Immunologic Monitoring. Immunologic assays were done for the nine patients who completed the study. The frequency of peripheral blood NKT cells in all patients was measured by fluorescence-activated cell sorting analysis. As shown in Fig. 3B, one patient (case 010) in the level 3 group showed dramatic increase in the circulating NKT cell number after the first and second {alpha}GalCer-pulsed DC administration. The absolute numbers of V{alpha}24 NKT cells decreased transiently to a nadir around 1 to 2 days after the {alpha}GalCer-pulsed DC injection, and subsequently increased >20-fold 3 days after second {alpha}GalCer-pulsed DC injection. The increased levels were sustained for at least 1 week. This sharp fluctuation, however, could not be detected after the third and fourth {alpha}GalCer-pulsed DC injection. The frequency of NKT cells of this patient (case 010) before entering the study was ~0.03% of all PBMCs. The number of peripheral blood NKT cells from the other two patients in the level 3 group (cases 009 and 011) increased only after the first {alpha}GalCer-pulsed DC administration (Fig. 3A and C). In the remaining six cases in the level 1 and level 2 groups, no clear relationship was found between the number of circulating NKT cells and {alpha}GalCer-pulsed DC administration.

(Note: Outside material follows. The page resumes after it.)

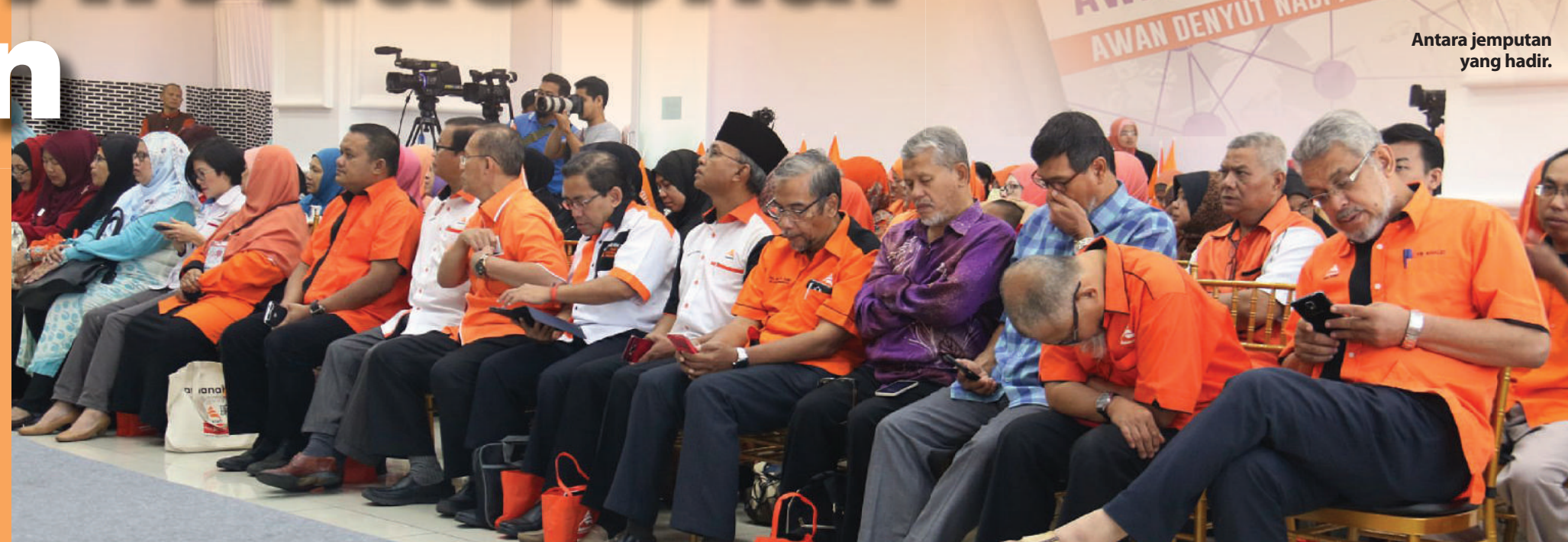
Antara jemputan yang hadir.

In addition, we monitored IFN-{gamma} production from V{alpha}24 NKT cells in PBMCs. IFN-{gamma} production in V{alpha}24 NKT cells increased following the administration of {alpha}GalCer-pulsed DCs in the one case in which the number of circulating NKT cells changed strikingly (Fig. 4, case 010). After the third and fourth administration of {alpha}GalCer-pulsed DCs, no obvious elevation in the level of IFN-{gamma} production was detected.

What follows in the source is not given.